AIM OF THE TASK
What you return should be only the lines starting at the one that contains "Weihnachtspullover & Strickmützen-Set" and running to the end of the listing, exactly as written, minus any pictures.

DATA SHOWN
*** Block opens ***
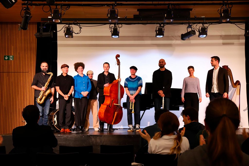 In Duetten, kleinen Jazzformationen oder auch als Solo-Auftritt trugen einige Instrumentallehrpersonen Stücke vor. Eröffnet wurde das Konzert mit einem lebhaften Stück, welches auf der Geige vorgetragen wurde. Ein mitreissender Einstieg, welcher das Publikum in den klangreichen Abend einführte. Mit jedem neuen vorgetragenen Stück wurde das Publikum mehr und mehr in den Bann der Musik gezogen. Ein Highlight des Abends bildete Bernhard Götterts Vorstellung auf dem Cello, in welcher er das gesamte Spektrum an Klängen des Instrumentes eindrucksvoll präsentierte. Den krönenden Abschluss bildete ein Jazz-Ensemble bestehend aus Saxofon, Trompete, Querflöte, Kontrabass und Schlagzeug. Auf den Jazz-Klassiker ‚Blue Bossa‘ folgte eine kurze Jam-Session, in welcher vor allem die Solis des Saxofons und der Trompete einen bleibenden Eindruck beim Publikum hinterliessen.
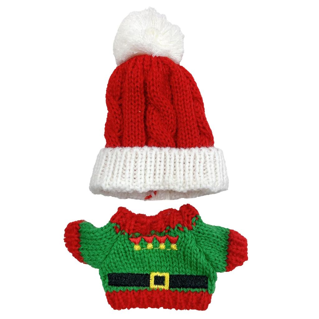 Weihnachtspullover & Strickmützen-Set für 10cm Weihnachtsmann-Plüschtier, Kigurumi, Zubehör, Otaku, Puppe, Maskottchen, Kpoppuppen-Kostüm [Gebraucht]
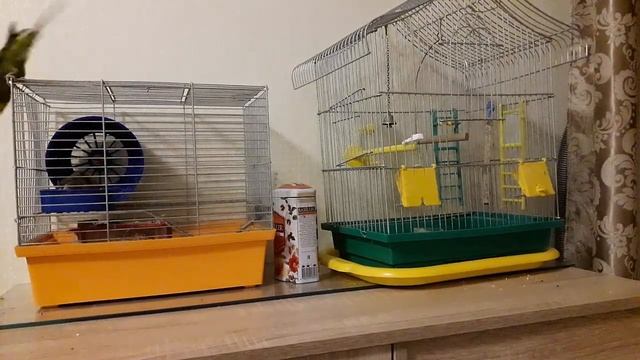 Прикольный хомяк Боня и любопытный попугай Яша .
*** Block closes ***
RESPONSE
 Weihnachtspullover & Strickmützen-Set für 10cm Weihnachtsmann-Plüschtier, Kigurumi, Zubehör, Otaku, Puppe, Maskottchen, Kpoppuppen-Kostüm [Gebraucht]
 Прикольный хомяк Боня и любопытный попугай Яша .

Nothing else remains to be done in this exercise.